Not for a moment did he recognize that comprising the “fruitcakes” were mothers, fathers, sisters, war veterans, businessmen and women and just your average, concerned fellow citizens. Not for a moment did he recognize that among the really big “fruitcakes” that this crowd drew inspiration from were Secretary of State Colin Powell, General Norman Schwarzkopf, Henry Kissinger and former National Security Advisor Brent Skowcroft.

I wasn’t angered by his token, predictable, rant at all and fully doubted anyway if he ever shared a foxhole with a queer tattooed Marine. Rather, I used that precious “family values” moment as an opportunity to teach my 5-year-old a new word. “Mikey,” I said as we pulled into his daycare, “that guy on the radio is an asshole.”

Thus, I’m guilty as charged. The oldest trick in the book, or damned near the oldest.

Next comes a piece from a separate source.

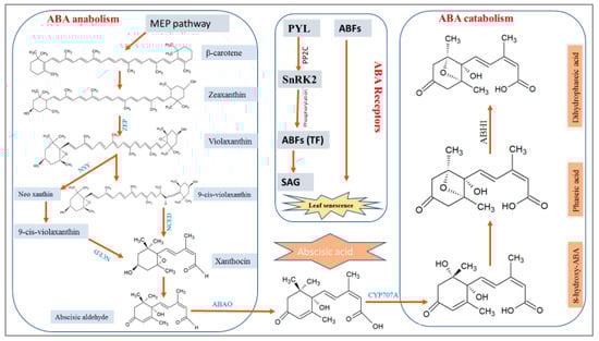 Abscisic acid (ABA) biosynthesis, ABA catabolism, and ABA signaling sensors (receptors) pathways. SAG: senescence-associated gene, In MEP (Methyl Erythritol Phosphate), β-carotene is converted into zeaxanthin, ZFP (zeaxanthin epoxidase) catalyze zeaxanthin into violaxanthin, NSY (neo xanthin synthase) convert violaxanthin into neo xanthin and 9 cis-violaxanthin, NCED (9-cis-epoxycarotenoid dioxygenase) convert 9 cis-violaxanthin into xanthocin and then abscisic aldehyde, ABAO: abscisic aldehyde oxidase catalyzes abscisic aldehyde into abscisic acid. ABA is sensed by ABA receptors; PYL (pyrabactin resistance 1-like), PP2C (protein phosphatase 2C) which activate SnRK2. The activated SnRK2 phosphorylate ABFs (ABA-responsive element-binding factors) to induce the expression of SAGs (senescence-associated genes).

People like the “family values” radio host and myself have entered into the nether-fray of calling names. It works, you know—just ask any war veteran. They didn’t kill Vietnamese, Japanese or Germans. They killed “gooks,” “japs” and “krauts.” We become detached. We dehumanize our opponents. We win. We lose.

Among the letters in the Oct. 7, 2002 issue of Newsweek is this interesting quote: “Naturally, the common people don’t want war. … But after all, it is the leaders of the country who determine policy, and it is always a simple matter to drag the people along, whether it is a democracy, or a fascist dictatorship, or a parliament or a communist dictatorship. … All you have to do is to tell them they are being attacked, and denounce the pacifists for lack of patriotism and exposing the country to danger. It works the same in any country.”

If Hermann Goering were alive today—the author of the above—he’d be right at home on the “family values” station. And he’d still be an asshole.